A number of new works in Skillman provide vivid and varied portrayals of the experiences of U.S. immigrants

Refugee hotel photographs by Gabriele Stabile, text by Juliet Linderman
"A collection of photography and interviews that documents the arrival of refugees in the United States. Images are coupled with moving testimonies from people describing their first days in the U.S., the lives they've left behind, and the new communities they've since created."

The distance between us by Reyna Grande
Memoir of a Mexican childhood and the changes that ensue when Grande goes to the United States as an undocumented immigrant.

American odysseys: Writings by new Americans
An anthology of the works of novelists, short story writers and poets, including Ethiopia-born Dinaw Mengestu, Yugoslavia-born Téa Obreht, and Chinese-born Yiyun Li

Green card stories stories by Saundra Amrhein, photographs by Ariana Lindquist
Portraits of 50 recent immigrants to the U.S.

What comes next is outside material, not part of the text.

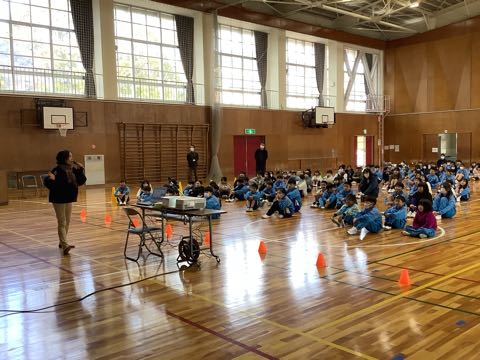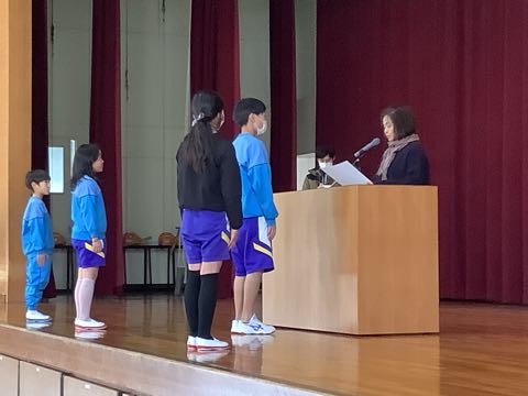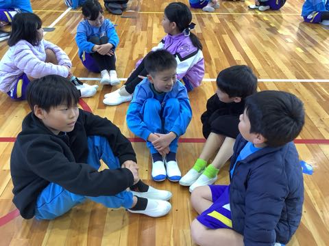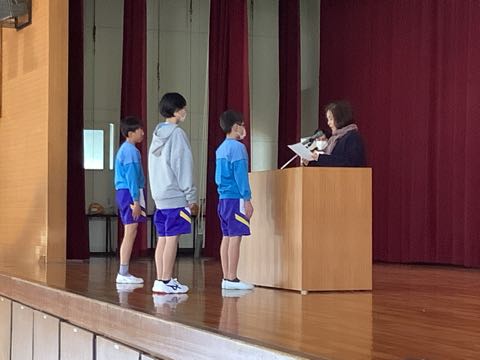 午後からは全校集会がありました。今日は新しい通学班で並んでやまびこタイムを行いました。

City of rivers by Zubair Ahmed
Collection of poems by Ahmed, who was born in Bangladesh and came to the U.S. as a teenager. "Ahmed’s spare, evocative poems cast a knowing eye on the wider world, telling us what it’s like to be displaced and replaced, relocated and dislocated."

Barrio boy by Ernesto Galarza
A new edition of an autobiography originally published in 1971. Details the adjustment of a young boy (who later becomes a civil rights and labor activist) as his family moves from Mexico to Sacramento, California.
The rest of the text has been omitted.